Il progetto nasce internamente a Red Hat come risposta alla necessità di un server IAM moderno, configurabile e pronto per ambienti enterprise, rilasciato sotto licenza Apache 2.0.

Single Sign-On e protocolli standard

La funzionalità centrale di Keycloak è il Single Sign-On (SSO): un utente si autentica una sola volta e ottiene accesso a tutte le applicazioni configurate nel realm, senza ripetere il login. Il meccanismo funziona anche in senso inverso — il Single Sign-Out disconnette l’utente da tutte le applicazioni contemporaneamente.

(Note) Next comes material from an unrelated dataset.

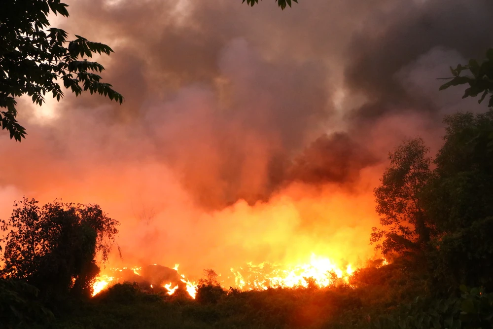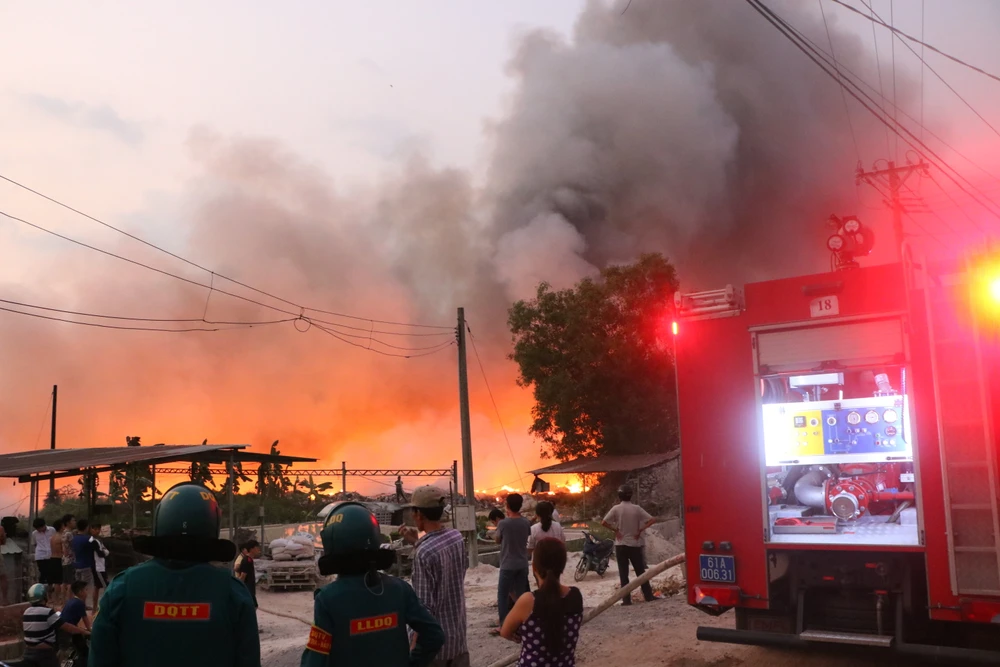 Đám cháy lớn xảy ra tại một bãi rác tự phát, rộng hàng ngàn mét vuông nằm trong khu đất đang chuẩn bị xây dựng công trình công cộng, giữa khu dân cư Hòa Lân 1 (phường Thuận Giao, thị xã Thuận An, Bình Dương).

Keycloak supporta i principali protocolli di identità: OAuth 2.0 per l’autorizzazione delegata, OpenID Connect (OIDC) per l’autenticazione sopra OAuth 2.0, e SAML 2.0 per l’integrazione con sistemi enterprise che utilizzano questo standard più datato. Le applicazioni non devono implementare la logica dei protocolli: dialogano con Keycloak attraverso adapter forniti per Java, JavaScript e altri ambienti.

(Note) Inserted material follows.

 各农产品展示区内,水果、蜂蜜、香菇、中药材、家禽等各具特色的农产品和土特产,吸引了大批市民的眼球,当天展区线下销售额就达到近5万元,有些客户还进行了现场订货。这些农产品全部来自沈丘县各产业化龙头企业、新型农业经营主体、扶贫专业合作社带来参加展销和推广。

Identity brokering e federazione

L’identity brokering permette di autenticare gli utenti tramite provider esterni — social login con Google, Facebook, GitHub o qualsiasi provider OIDC/SAML — senza che l’applicazione debba gestire direttamente queste integrazioni. Keycloak funge da intermediario, normalizzando le identità provenienti da fonti diverse.

La federazione con directory aziendali come LDAP e Active Directory consente di riutilizzare gli utenti già presenti nell’infrastruttura esistente, sincronizzandoli automaticamente con il database interno di Keycloak.

Console di amministrazione

Keycloak include una console di amministrazione web che permette di gestire realm, client, utenti, ruoli e politiche di accesso senza scrivere codice. La configurazione copre policy di password, sessioni, token e autenticazione multi-fattore. Per le organizzazioni che cercano un IAM pronto all’uso senza le complessità di soluzioni proprietarie, Keycloak rappresenta un’alternativa concreta.